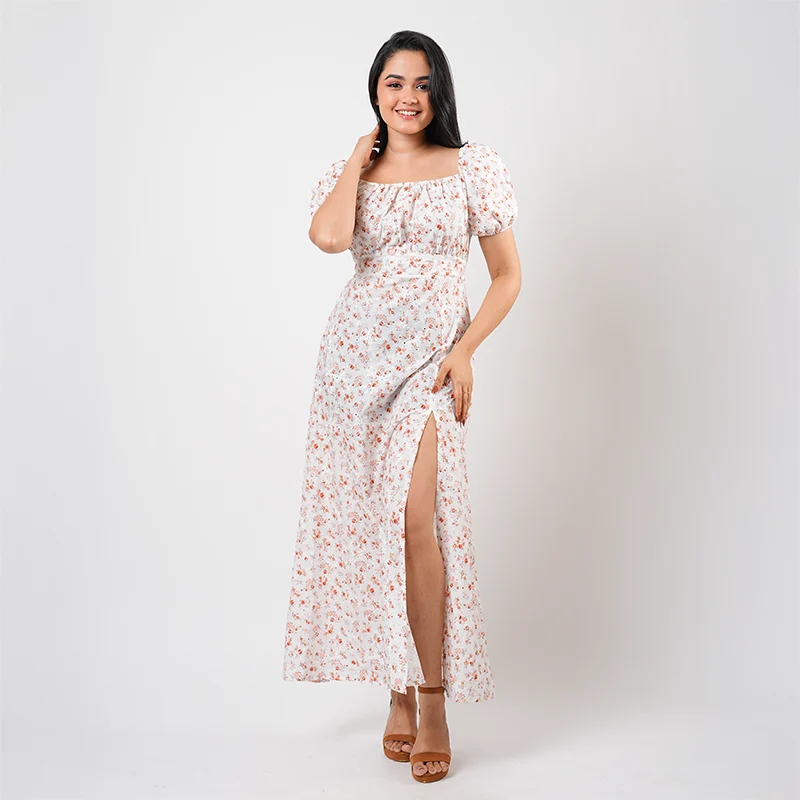 Step into effortless elegance with this beautifully tailored maxi dress designed to flatter and flow. Featuring soft puffed sleeves and a gently gathered neckline, the silhouette is enhanced with a defined waist and a graceful side slit that adds movement and modern charm. The streamlined fit creates a balanced blend of comfort and sophistication.
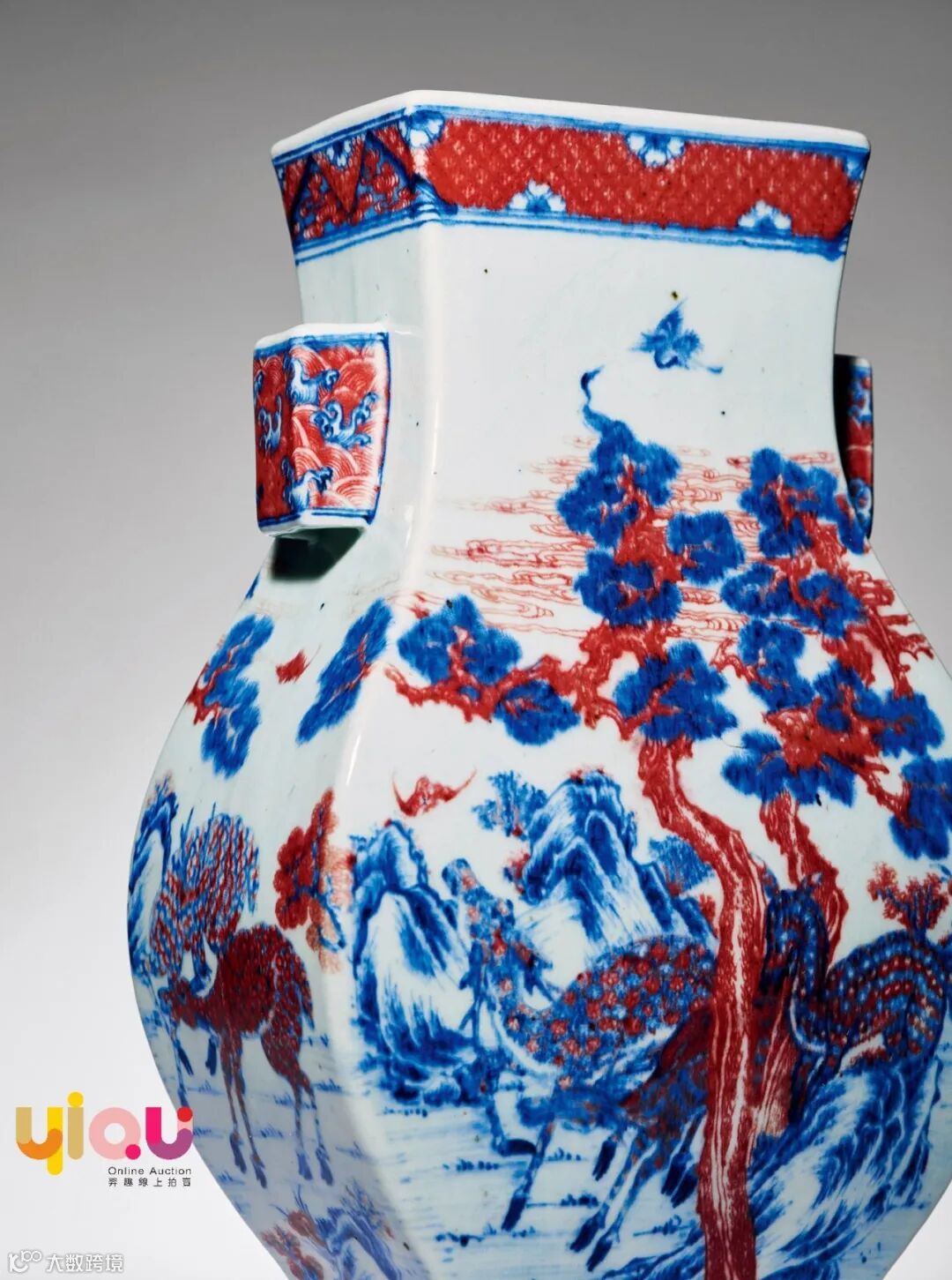 拍品器作四方,造型沉稳,器形庄重。腹部通景满绘青花釉里红鹤鹿同春图,画面构图丰满,青花与釉里红发色雅致。整器气韵生动,适于陈设。整器纹饰多以青花为之,间以釉里红填绘,色泽明而不媚,妍而不娇,画面气格淡逸、穆穆生韵。观其釉色,青花与釉里红两者互为主次,可谓变化多端,搭配转换之妙,令人叹为观止。
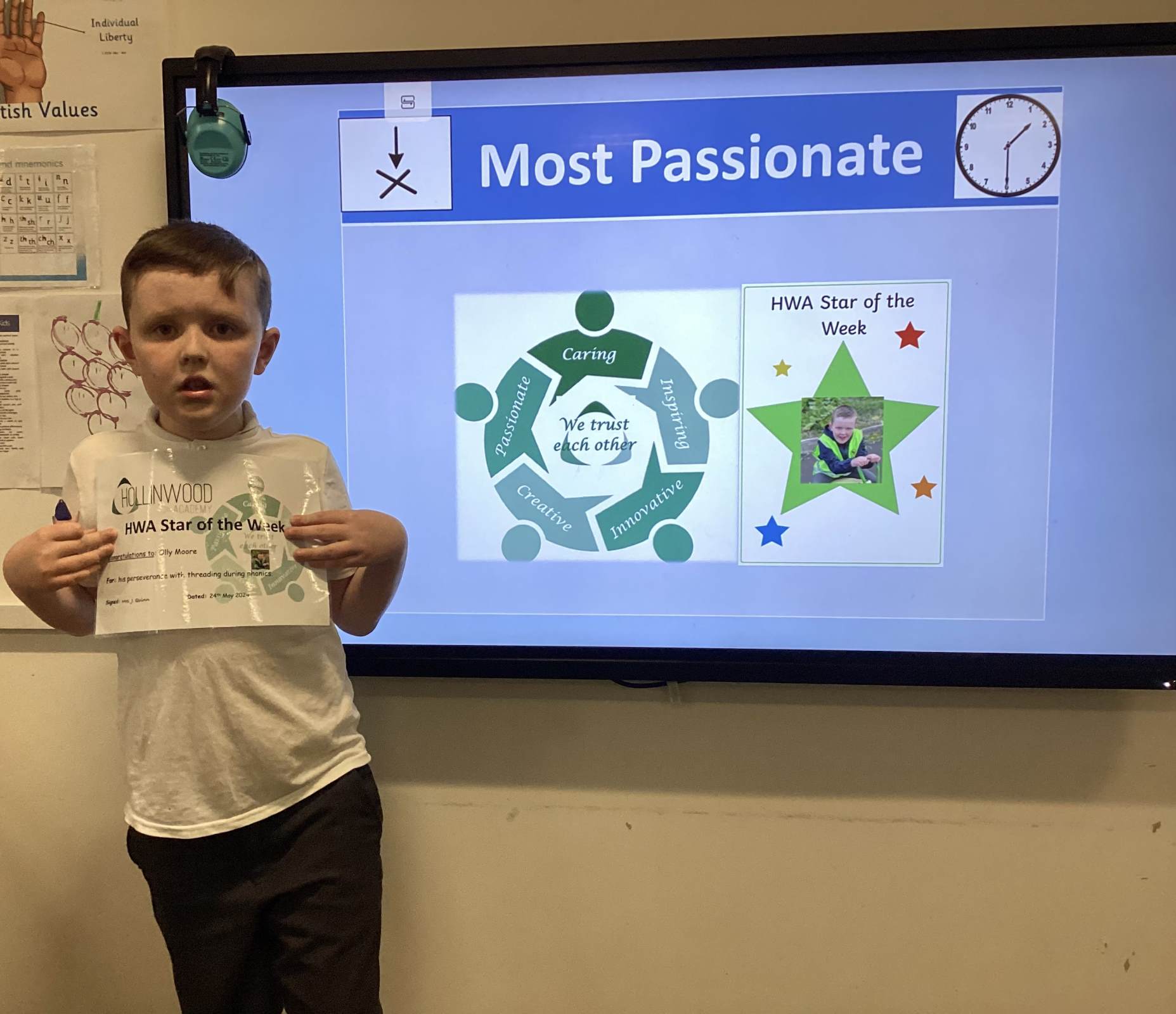 Mrs Quinn’s HWA Passionate STAR is Olly for his perseverance with a threading activity during phonics.
■ ■ ■
• Exercise details
From the first line to the last, retype the data exactly, but omit every image.

• Result of the task
 Step into effortless elegance with this beautifully tailored maxi dress designed to flatter and flow. Featuring soft puffed sleeves and a gently gathered neckline, the silhouette is enhanced with a defined waist and a graceful side slit that adds movement and modern charm. The streamlined fit creates a balanced blend of comfort and sophistication.
 拍品器作四方,造型沉稳,器形庄重。腹部通景满绘青花釉里红鹤鹿同春图,画面构图丰满,青花与釉里红发色雅致。整器气韵生动,适于陈设。整器纹饰多以青花为之,间以釉里红填绘,色泽明而不媚,妍而不娇,画面气格淡逸、穆穆生韵。观其釉色,青花与釉里红两者互为主次,可谓变化多端,搭配转换之妙,令人叹为观止。
 Mrs Quinn’s HWA Passionate STAR is Olly for his perseverance with a threading activity during phonics.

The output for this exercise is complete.